Mummy matters.

April 22, 2010

Milla has had not one ounce of separation anxiety in her short 19 months. Other mothers tell me that I should be incredibly grateful, and I did witness my sister go through turmoil when her first born had a shocking case of it – her child was permanently attached to her leg for a good 3 months!

My own mother suffered when I had it as a child, crying as soon as she would even leave the room. Every toilet trip was apparently shared, with me holding on to her knees.
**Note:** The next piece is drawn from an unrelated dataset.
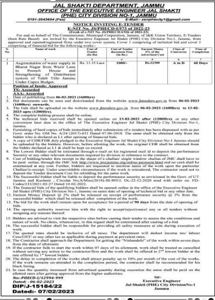 Tender for Augmentation of water supply in Strengthening of Distribution Bharat Nagar from Wazir Lane system of Talab Tillo Jammu Under Capex Budget. Position of funds:

Actually, I’ve experienced this many times with Milla but only due to intense curiosity and not the desperate need to be with me.

Don’t get me wrong, I don’t want it to that severity but I’m just not sure why, as her primary carer who invests an incredible amount of energy and creativity and love with her, that she does not favour me over others one bit.

If she falls and hurts herself, she is quite happy for any old person to give her a cuddle and soothe her. If I walk out the door and leave her with grandparents or friends, she gives a quick wave and continues absorbing herself in whatever has taken her interest.

A friend psychologist said she was the most well rounded individual and this was all a good thing.
She went on to inform me that it’s not Milla’s problem but mine. She reminded me that I am an emotional being, a cancerian, the water element, and I am affectionate and loving. She said it was normal to feel this way and that everyone likes to feel wanted and loved particularly when it’s your own flesh and blood.
She also reminded me to be careful of what I wish for – a newborn and a clingy toddler were not a good match!